Nick Geale, vice president of workforce and labor policy for ATA, discussed labor force challenges and solutions with the North Jersey Transportation Planning Authority’s Freight Initiatives Committee on June 21, pointing to an ATA projection that the industry will have a 160,000 driver shortage by 2030 if changes aren’t made.
"Unless we reverse it, we got a serious problem,” he said of the ATA’s forecasted shortage.
The trade group first published the estimated shortage in a labor force report last October.
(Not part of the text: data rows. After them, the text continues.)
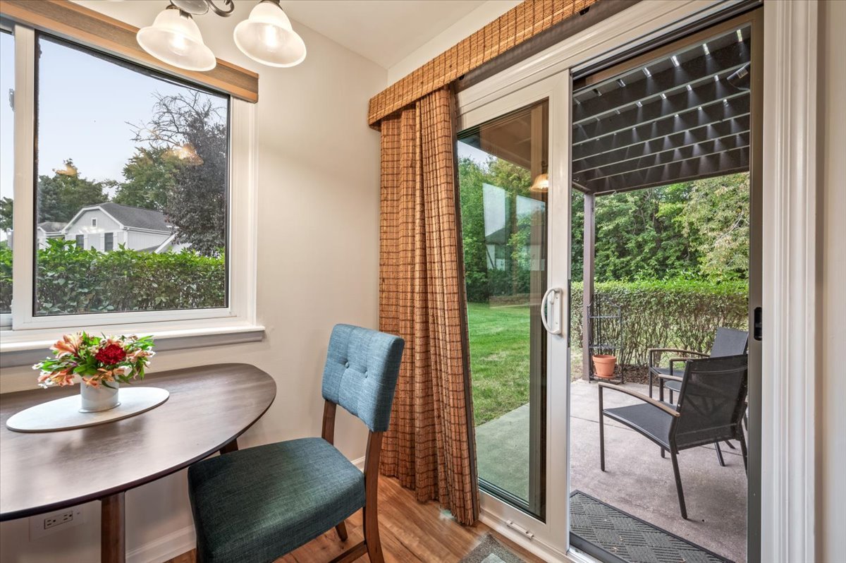 Move-in ready and set in a serene location next to greenspace and the Spring Valley Nature grounds, this beautifully maintained 2-bedroom, 2-bath end unit offers comfort and convenience in a tranquil community setting. The one-story layout features brand-new wood laminate flooring throughout, creating a clean and cohesive look. A bright galley kitchen includes space for a table, a pantry cabinet and easy access to the private patio which is perfect for morning coffee or outdoor dining. Both bathrooms are updated in neutral tones, including a refreshed primary bath. The extended garage provides one extra-deep parking space with plenty of room for storage. Low monthly assessments include access to the community pool which you can enjoy next summer ! A wonderful combination of a turnkey condo, peaceful surroundings and easy, maintenance-free living. Welcome home!
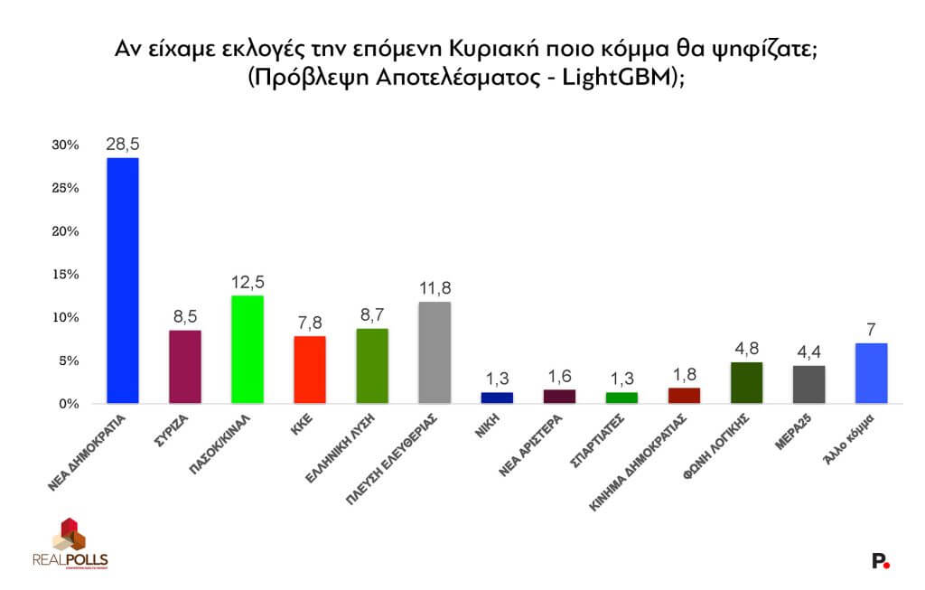 Παράλληλα, παραμένει ρευστή η δημοσκοπική εικόνα στην αντιπολίτευση, με το ΠΑΣΟΚ να κινείται στο 9,4%, την Πλεύση Ελευθερίας στο 9,2%, την Ελληνική Λύση στο 7,1%, τον ΣΥΡΙΖΑ στο 6,5% και το ΚΚΕ στο 6,4%. Αξίζει να σημειωθεί ότι είναι αρκετά υψηλό το ποσοστό των αναποφάσιστων (16,1%).
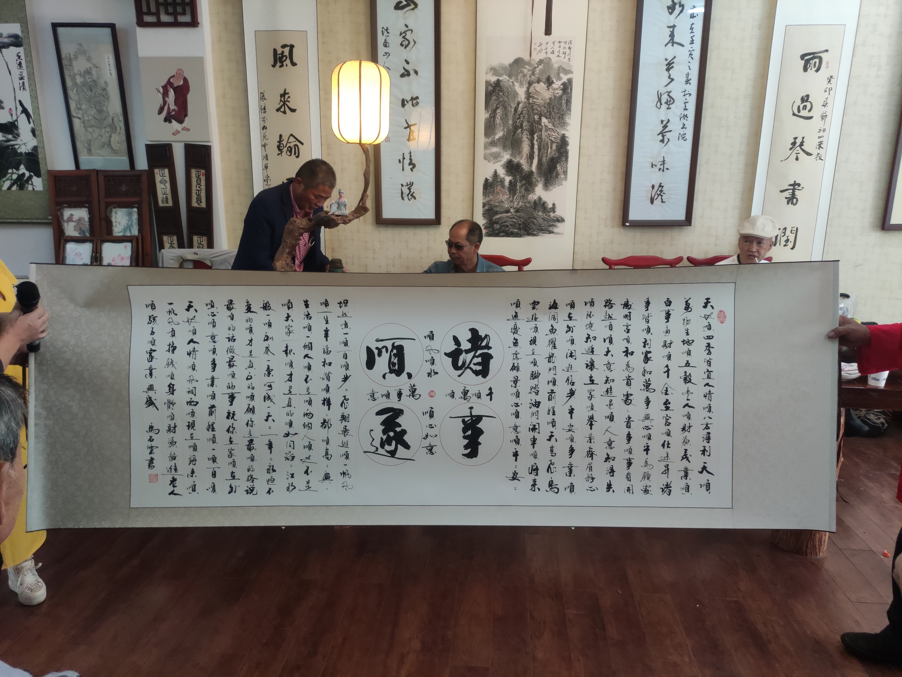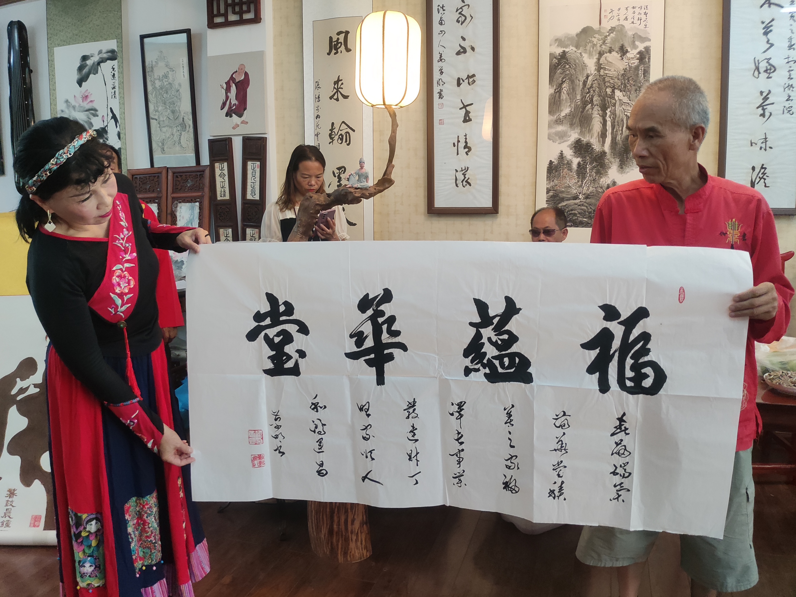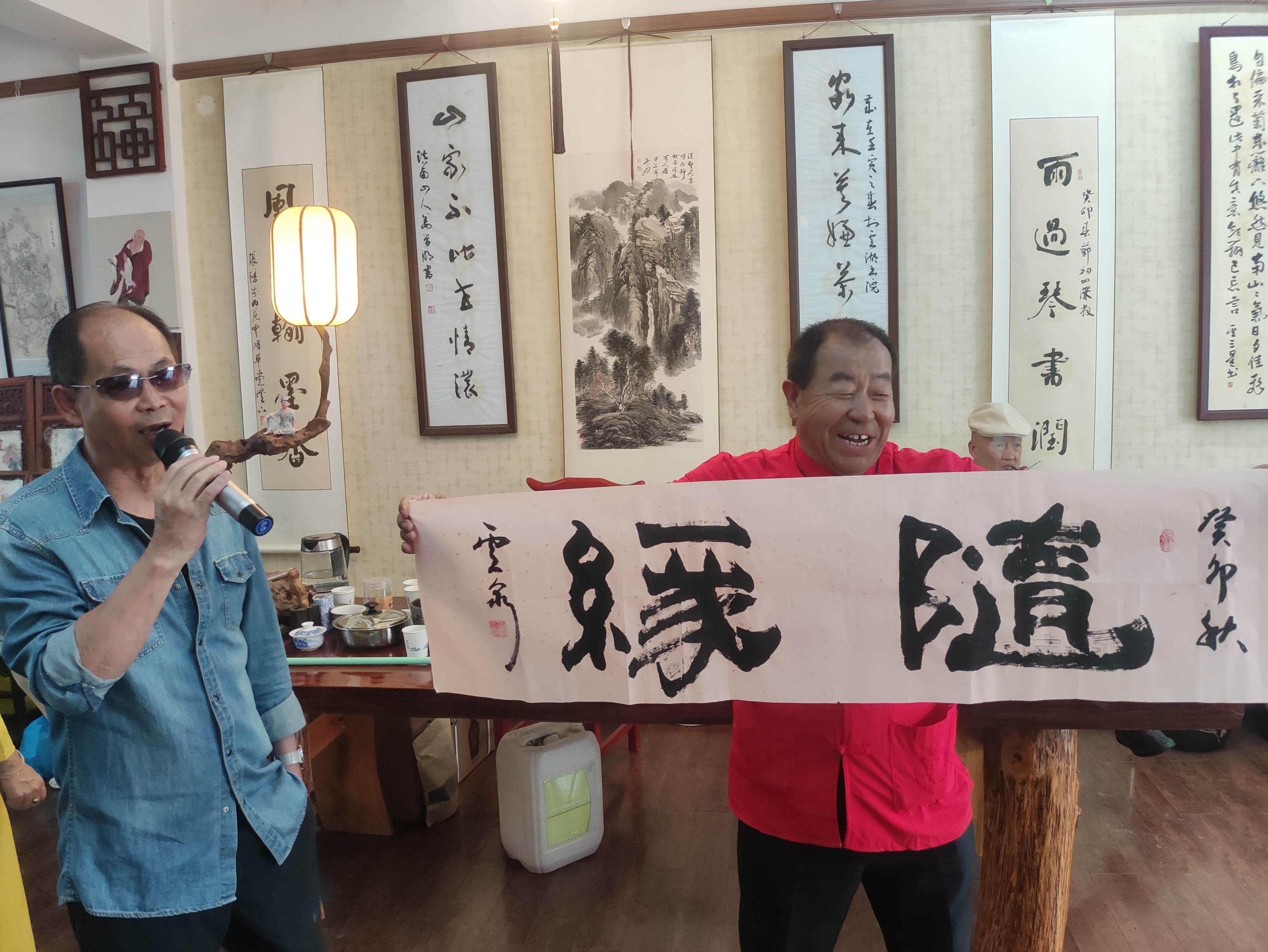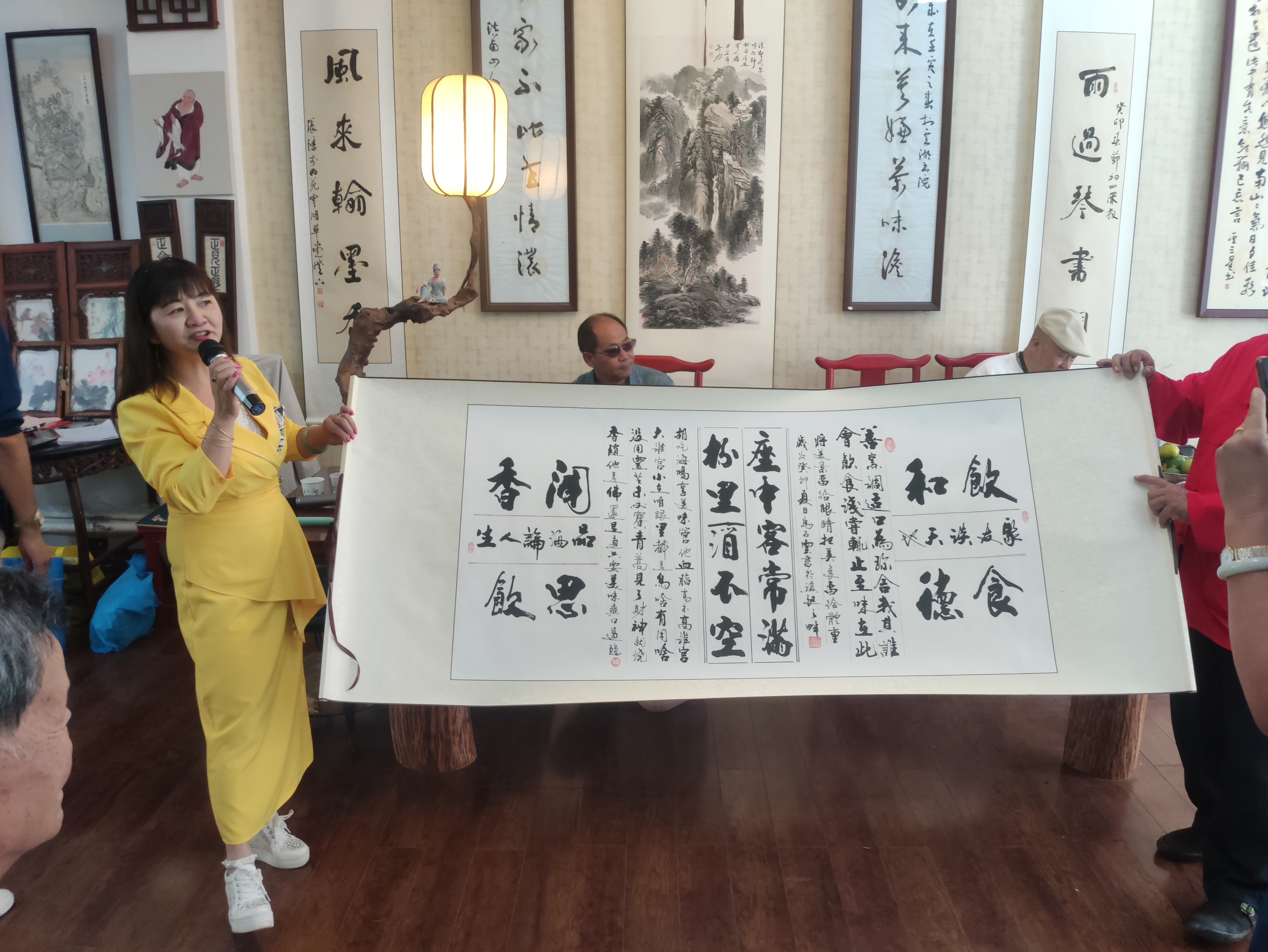 要说起云湖书院,确实是上档次,场地室内空气清新,鸟语花香,很有书香气味。著名普洱茶茶书主席韩立宇老师,著名书法家马石云老师,著名书法家潘云黔老师,著名画家蔚绍根老师,著名画家周巧林老师,著名书法家田道富和著名画家郑连云老师,等等名家老师们到现场展示精品之作,简直就是锦上添花。

The ATA said at the time that its forecast was based on “driver demographic trends, including gender and age, as well as expected freight growth.”
In his presentation, Geale said the projected need for drivers encompasses four areas:
- industry growth,
- drivers pushed out of the industry, and
- drivers leaving before retirement.
While retirements make up the bulk of projected departures, Geale also noted that drug and alcohol violations are sidelining drivers.
Federal Motor Carrier Safety Administration driver data between January 2020 and April 2022 has found that 98% of testing results involved drugs, as opposed to alcohol. During that time, marijuana has dominated positive results more than all other drugs combined.
As of May 1, FMCSA data showed nearly 92,779 CDL or commercial learner’s permit holders were in “prohibited status,” meaning they are temporarily barred from operating commercial motor vehicle due to Department of Transportation drug and alcohol program violations.
The ATA first sounded the alarm on labor constraints in 2005, when it said there was a shortage of roughly 20,000 drivers. By 2018, the driver shortage had risen to 60,800, according to a 2019 report from the trade association.
Academic and federal researchers in 2019 issued a report that found similar truck driver hiring and retention patterns compared to other industries.
Contrary to the ATA’s labor anxieties, the Owner-Operator Independent Drivers Association maintains its position that there is no driver shortage the organization said in an email Friday. In a six-page statement from last November, the group suggests the industry’s labor issues are fueled by retention problems.